To highlight the flaws in this approach with an analogy, imagine you are on a flight with 250 people landing in a foreign country. There are two customs officials designated at the immigration counters to check the paperwork of those landing, carry out searches and inspect for illegal contraband or undeclared goods.
If you are tasked with running this operation in a way which produces the highest benefit for the lowest investment in resources, would you use those scarce resources to carry out a cursory check of the baggage of a random sample of people in the hope of success? Or would you use analytics to identify higher risk travelers, such as those without an obvious reason for travel, those who pay cash for their ticket at the airport or those traveling from high-risk locations. The approach you choose can make the difference between a 1 percent success rate on a random sample, or a 30 percent success rate based on a high-risk group. Of course, you would likely choose the latter.
Tax audits are no different to the airport analogy. Tax officials will use data points they already have to risk profile higher-risk transactions or events and analyze that data to determine their audit targets. Furthermore, with the advent of real- time reporting and other similar initiatives, the tax authority may even know the answer to their query before they even contact you.
In short, the tax audit has already begun before you are even notified.
When a business does not manage its compliance obligations, it is rarely due to deliberate malfeasance. Most times, non-compliance is a result of a lack of controls or governance, deficiencies in training or education, or poor quality data.

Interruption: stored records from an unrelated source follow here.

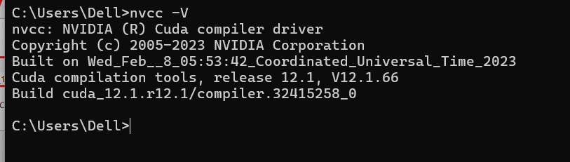 在命令提示符内输入命令nvcc –version 或者nvcc -V,查看是否有cuda,如果有则安装成功,如果没有则可能版本不兼容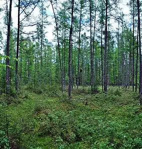 Twin Lakes Bog State Natural Area is a Wisconsin Department of Natural Resources-designated State Natural Area featuring an intact tamarack (Larix laricina) swamp lying in a depression between two kettle lakes (North Twin Lake and South Twin Lake). The understory of the swamp has an open aspect to it, and is dominated by the ericaceous shrubs Labrador tea (Rhododendron groenlandicum), bog laurel (Kalmia polifolia), and leatherleaf (Chamaedaphne calyculata). Other common plant species found here include: wooly-fruit Sedge (Carex lasiocarpa), twinflower (Linnaea borealis), cinnamon fern (Osmundastrum cinnamomeum), sundews (Drosera rotundifolia) and (Drosera intermedia), and the notably abundant pink ladyslipper (Cypripedium acaule). Three small bog lakes (0.4-1.0 acres), surrounded by quaking bog mats, are found in the interior of the swamp. Uplands surrounding the swamp are forested with second-growth hardwoods dominated by sugar maple (Acer saccharum) and red oak (Quercus rubra). In 1989, the US Forest Service designated Twin Lakes Bog as a Research Natural Area.[1][2]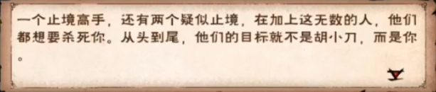 老道士来帮忙,但是修为不够,只能勉强拖住,主角要击败三波敌人离开洛阳到落霞,到落霞后,把锦囊给小刀,有天刀弟子设卡,说门主有令带小刀回去,说他惹了大祸要回去受罚,但是,众师兄弟还是放了小刀,在落霞镇里还有弟子来送盘缠。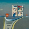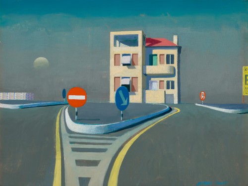 The solitary townhouse in this study is an invention. There was no small building precariously sited on a traffic island. Instead the artist devised it from architectural drawings in his sketch books, then finished his paint with an orange hue and shadows to convey illumination from a setting summer sun. The accompanying road markings—which feature in several 1970s paintings—are adapted from the Arezzo turnoff on the A1 motorway from Rome to Florence. The artist used variants of this configuration to display his mastery of geometry, always having one edge curve gracefully upward. Optically he also used turnoff markings to lead the viewer’s eye through the centre of his compositions, while also stabilising an overall design. The remaining elements in this study are five signs and a very distant building. Smart positions them evenly along his horizon line, using colour and size to highlight the ‘No Entry’ traffic sign on the left of centre. With it Smart uses the white bar against red to echo the horizon behind, while he has the sign’s circular shape also rhyme visually with the adjacent ascending moon, an identically sized blue disc in the serene sky.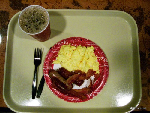 What we like about the Mara is that you can customize your breakfast platter. For example, I am a health nut and avoid carbs. If you order the Bounty Platter, it usually comes with scrambled eggs, breakfast potatoes, biscuit, small Mickey waffle, and sausage and bacon for $8.29. But I just wanted the eggs, bacon and sausage, which I got for $6.79.
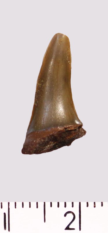 Зуб (фрагмент). Акула. Scapanorhynchus gigas Woodward, 1889. Классификация: Хордовые Chordata, Позвоночные Vertebrata, Хрящевые рыбы Chondrichthyes, Пластиножаберные Elasmobranchii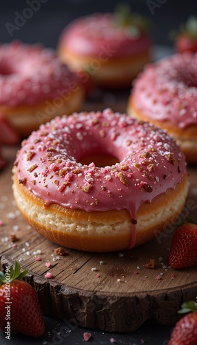 Close-up of a delectable strawberry glazed donut sprinkled with crunchy bits, beautifully presented on a rustic wooden board along with fresh strawberries.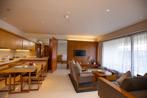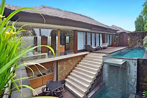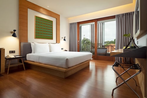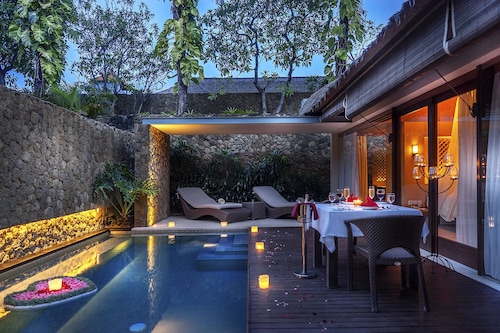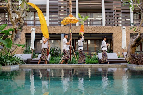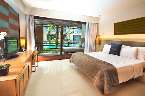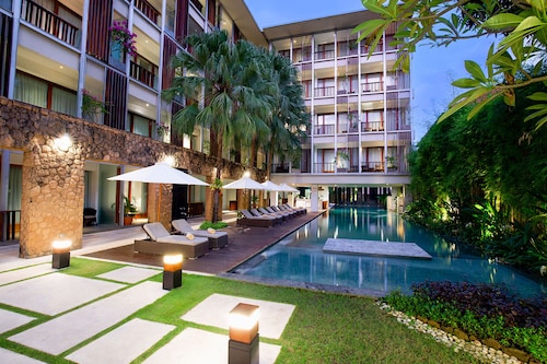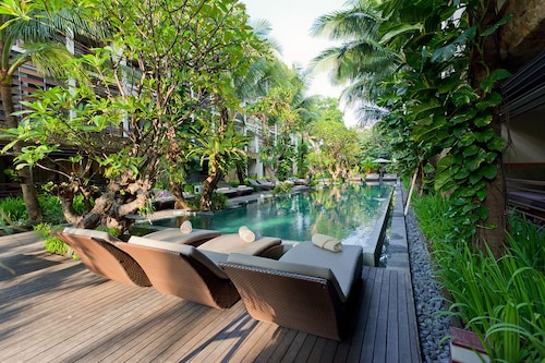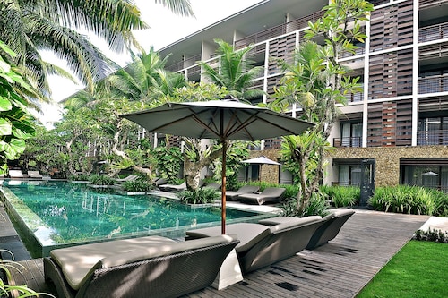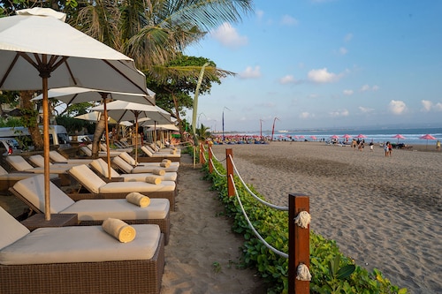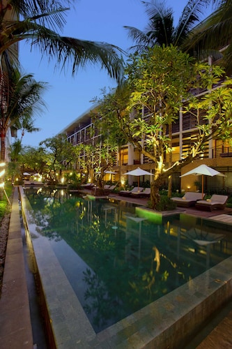 スミニャック地区のメイン通りに面し、ビンタン・スーパーにも歩いていける最高のロケーションにあるホテル。敷地は縦長でホテル棟からヴィラ、スイートまで多様なタイプが揃うホテルです。見た感じは高級アパートのような雰囲気ですが、コンパクトになっていて快適です。ダブルシックスの通りへも抜けることができ、海まで徒歩で15分。昼も夜もアクティブに動きたい女子、カップルの方には大変手頃なホテルです。ゴージャス感はないですが、プール、カジュアルなレストランに落ち着いた雰囲気のスパまであるのはうれしいです。空港から車で約30分、海まで車で約3分、徒歩で約15分、スミニャックのメイン通りに面している抜群に便利なロケーション。周辺の治安もよく、スミニャック散策に安心して出かけられます。ローカルスーパーマーケットのビンタン・スーパーまでもすぐなので、配り系土産はここで買えます。夜も賑やかなので安心して出歩けます。おススメはヘイブンルームとヘイブン・スイート。どちらもシンプルで清潔感があります。ヘイブンルームは、35㎡でバスルーム、ベッド、バルコニ―とコンパクトにまとまっていて大変過ごしやすいお部屋。wifiも完備、さらにDVDプレ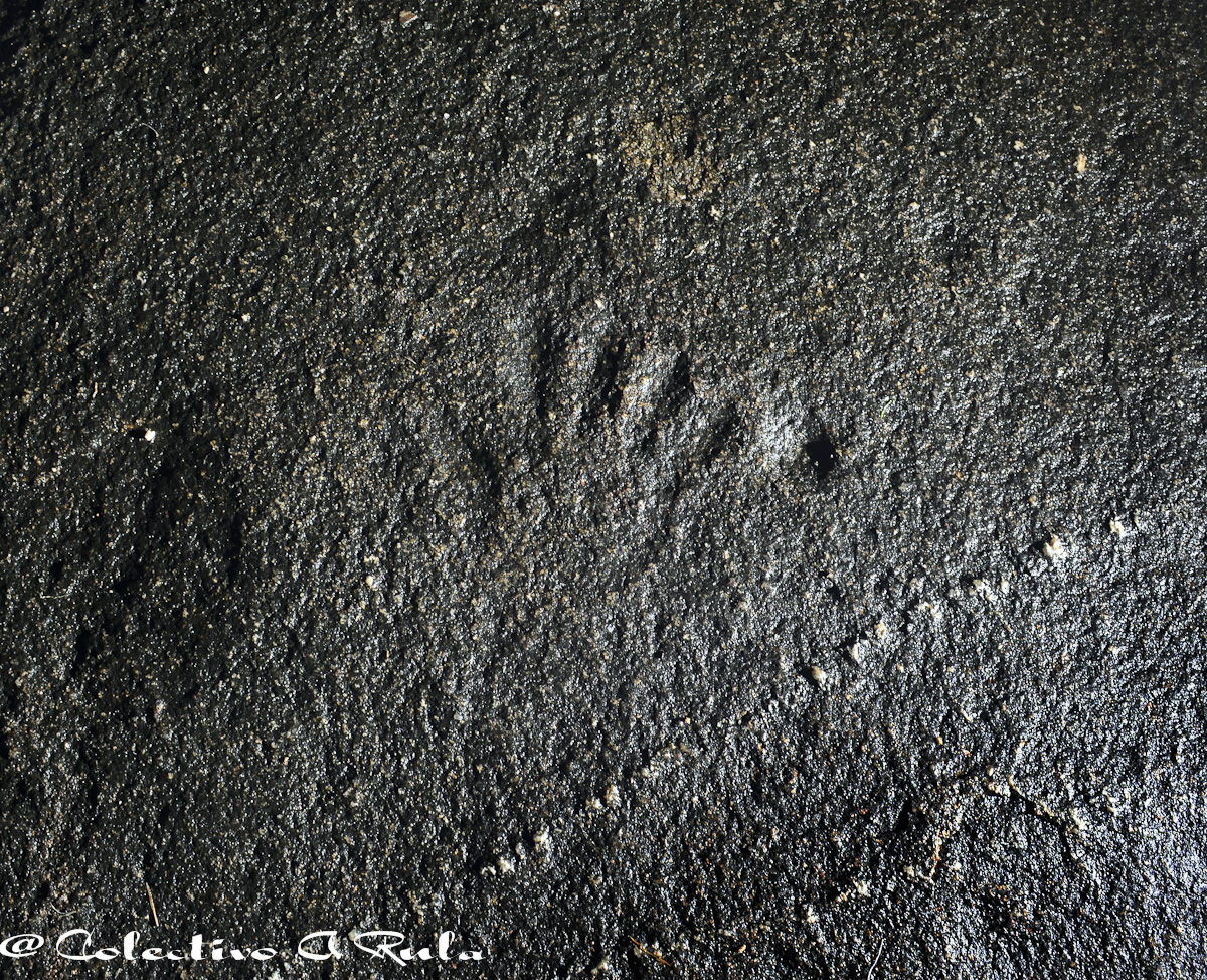 Un caso aparte é o da representación dunha pequena man gravada na zona inferior da laxe motivo este de difícil adscrición cronolóxica e que constitúe un únicum dentro do ámbito rupestre galego.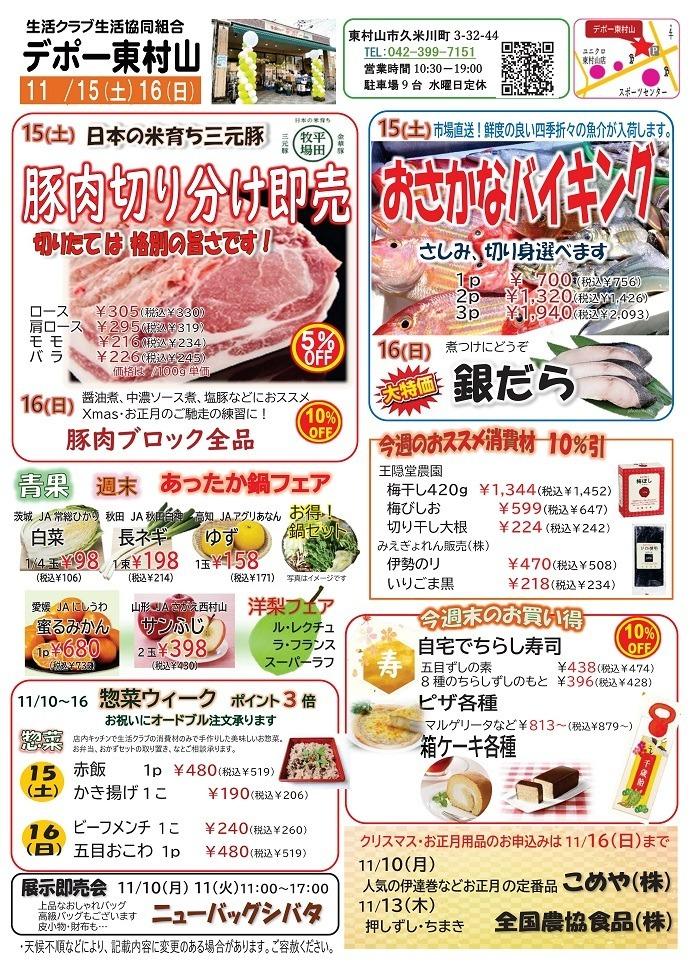 ▼11/15(土)~16(日) 豚肉切り分け即売・おさかなバイキング他のご案内です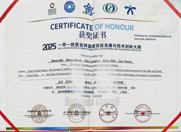 竞赛赛场上,周自杰带领团队啃教材、析案例、勤复盘,从专业“小白”蜕变为科创能手。其团队研发的“智能消防头盔”获5项实用新型专利,还斩获中国国际大学生创新大赛铜奖、一带一路暨金砖国家技能赛事国赛一等奖等荣誉,相关事迹获20余次媒体报道。

The corollary of this is that high levels of compliance are fueled by high-quality trusted data, which feed effective controls, strong governance, and are supported by capable people — together this is often referred to as a tax control framework. A number of tax authorities around the world have grasped the importance of the tax control framework to achieving effective compliance outcomes; for example, the Netherlands with its ‘horizontal monitoring’, Singapore with its ‘Assisted Compliance Assurance Program’, and the UK with its ‘Senior Accounting Officer’ role requirements.
A recent KPMG Global Tax Department Benchmarking study4 highlighted the fact that a staggering 41 percent of respondents had no formal tax code of conduct or control framework to frame risk tolerance and tax decisions.
If we zone in on this tax control framework even further, it would be fascinating to measure the correlation between the quality of data management in an organization, and an organization’s level of overall compliance. We anticipate that this is the bedrock of any highly functioning compliance activity. The flipside is that the absence of integrity, trust and confidence in the data being managed can increase the level of non-compliance likely to eventuate.
4Source: Global Tax Department Benchmarking Survey, KPMG International, 2021.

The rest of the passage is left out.